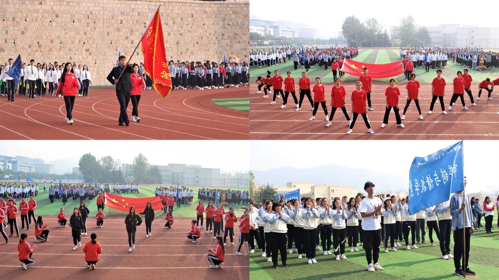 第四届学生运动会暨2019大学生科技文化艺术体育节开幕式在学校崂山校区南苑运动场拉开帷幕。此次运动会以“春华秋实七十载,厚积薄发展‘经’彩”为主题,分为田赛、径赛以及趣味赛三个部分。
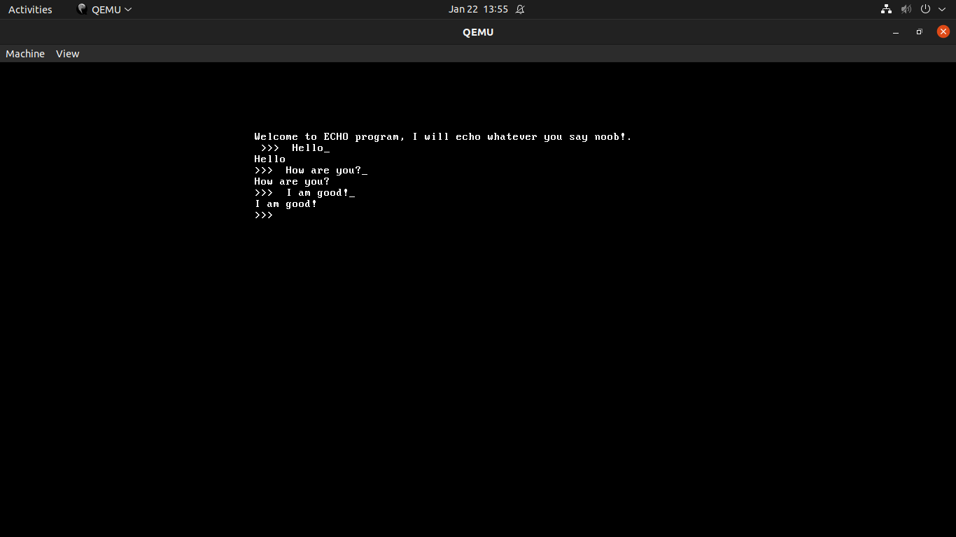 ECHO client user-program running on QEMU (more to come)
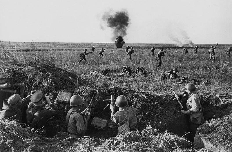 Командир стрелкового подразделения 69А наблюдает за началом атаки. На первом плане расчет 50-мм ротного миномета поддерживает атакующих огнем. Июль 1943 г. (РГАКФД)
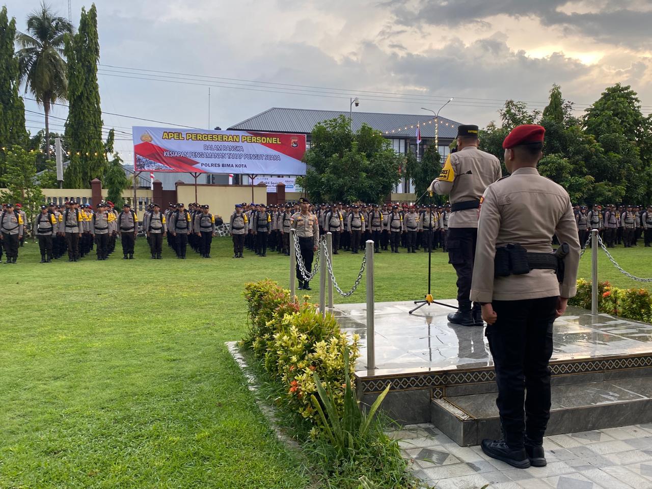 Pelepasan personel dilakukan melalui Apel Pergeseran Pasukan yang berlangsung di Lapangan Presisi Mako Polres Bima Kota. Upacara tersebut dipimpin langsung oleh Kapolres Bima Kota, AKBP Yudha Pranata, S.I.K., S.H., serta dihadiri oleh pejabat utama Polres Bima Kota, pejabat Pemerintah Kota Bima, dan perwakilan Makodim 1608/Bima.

==

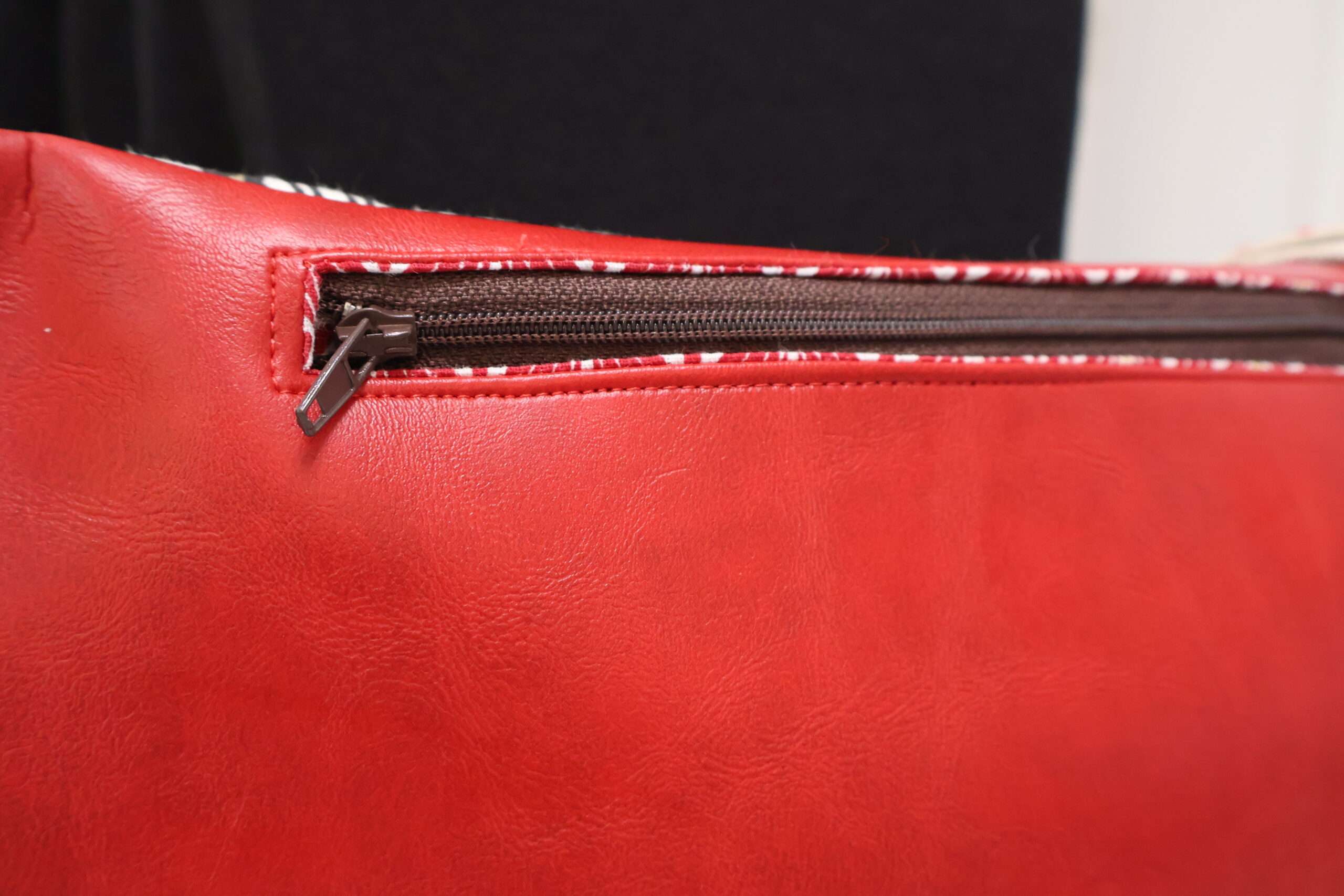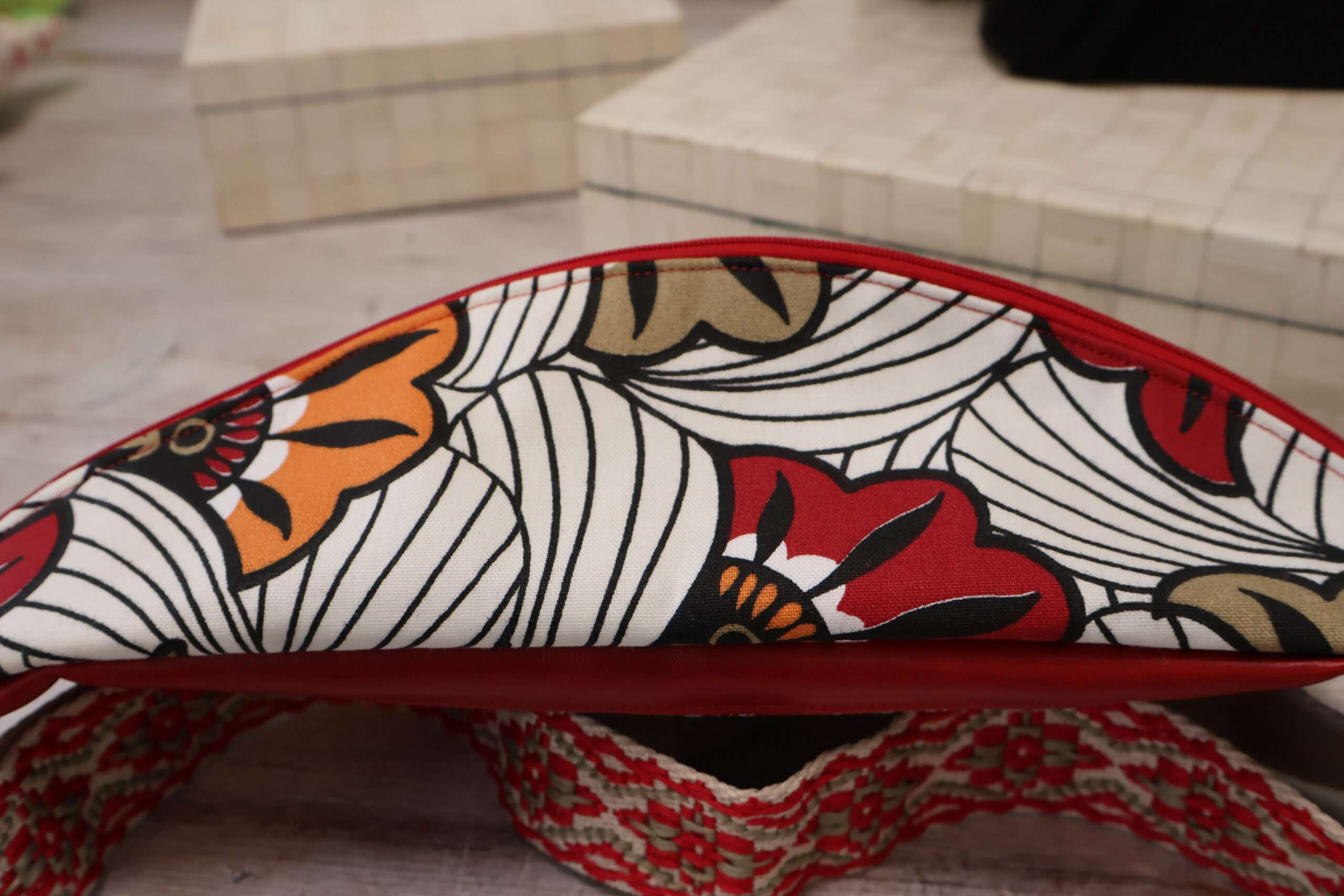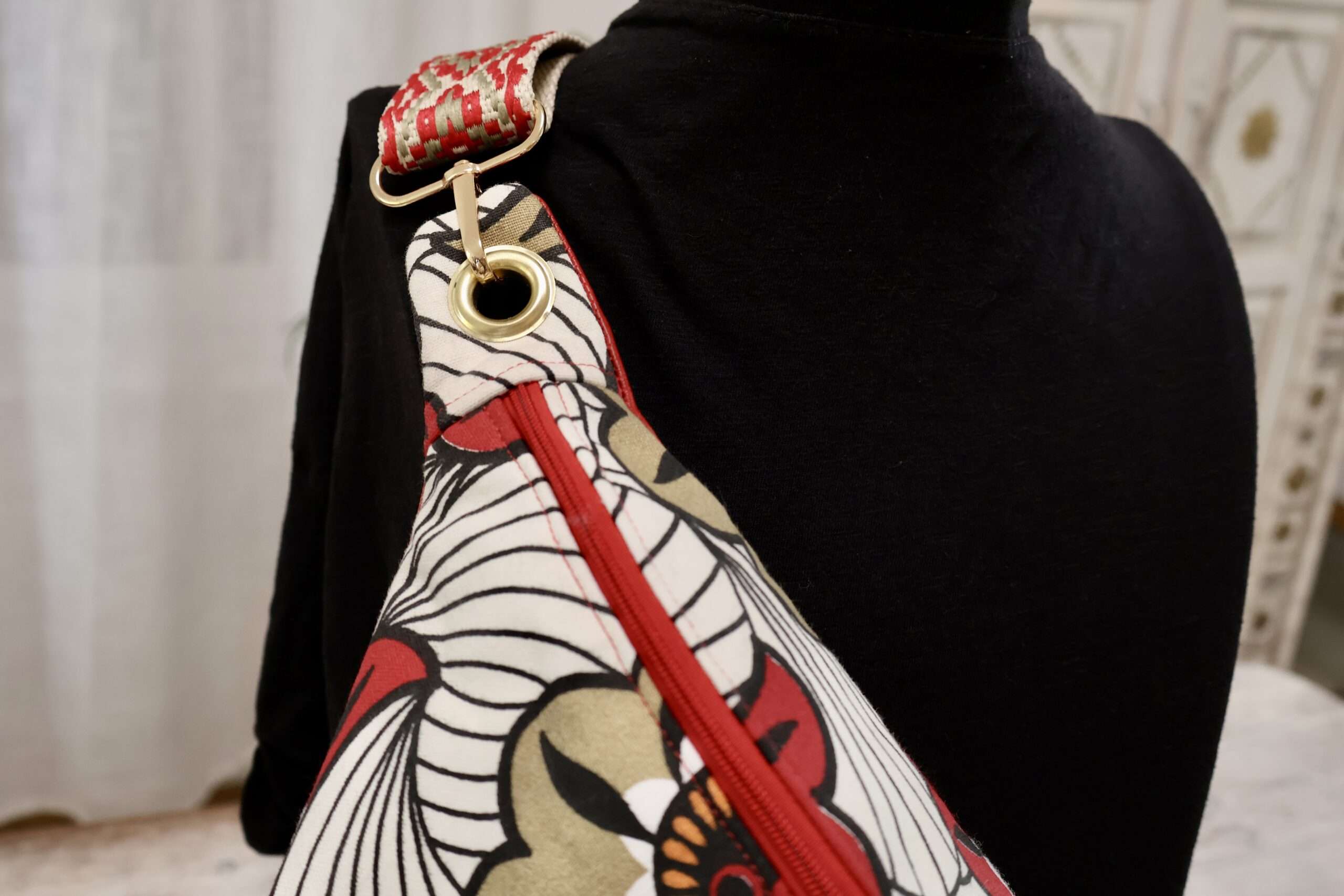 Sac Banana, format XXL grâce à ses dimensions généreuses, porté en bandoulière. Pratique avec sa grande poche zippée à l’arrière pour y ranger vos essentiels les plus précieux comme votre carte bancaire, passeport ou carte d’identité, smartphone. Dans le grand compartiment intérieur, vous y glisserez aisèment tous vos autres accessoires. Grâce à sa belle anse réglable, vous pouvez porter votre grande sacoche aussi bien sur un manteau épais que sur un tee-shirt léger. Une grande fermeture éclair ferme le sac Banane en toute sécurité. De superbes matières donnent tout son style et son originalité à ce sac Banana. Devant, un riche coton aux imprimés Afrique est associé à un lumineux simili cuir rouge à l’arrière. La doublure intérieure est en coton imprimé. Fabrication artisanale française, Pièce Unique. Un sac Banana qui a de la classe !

==

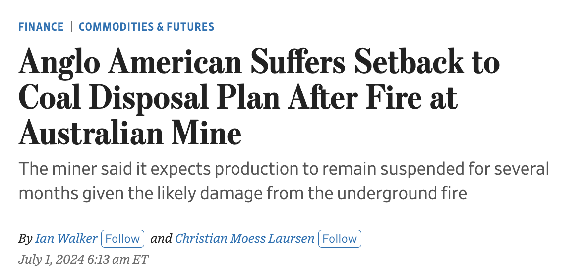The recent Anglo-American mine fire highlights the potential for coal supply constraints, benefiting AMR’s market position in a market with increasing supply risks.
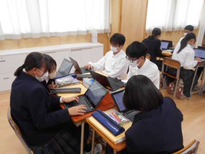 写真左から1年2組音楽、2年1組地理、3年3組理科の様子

» **Instructions to follow**
What's needed is an exact copy of the lines above from the one with "ECHO client user-program" through the one with "Pelepasan personel dilakukan", both included; the pictures stay out.

» **The completed task**
 ECHO client user-program running on QEMU (more to come)
 Командир стрелкового подразделения 69А наблюдает за началом атаки. На первом плане расчет 50-мм ротного миномета поддерживает атакующих огнем. Июль 1943 г. (РГАКФД)
 Pelepasan personel dilakukan melalui Apel Pergeseran Pasukan yang berlangsung di Lapangan Presisi Mako Polres Bima Kota. Upacara tersebut dipimpin langsung oleh Kapolres Bima Kota, AKBP Yudha Pranata, S.I.K., S.H., serta dihadiri oleh pejabat utama Polres Bima Kota, pejabat Pemerintah Kota Bima, dan perwakilan Makodim 1608/Bima.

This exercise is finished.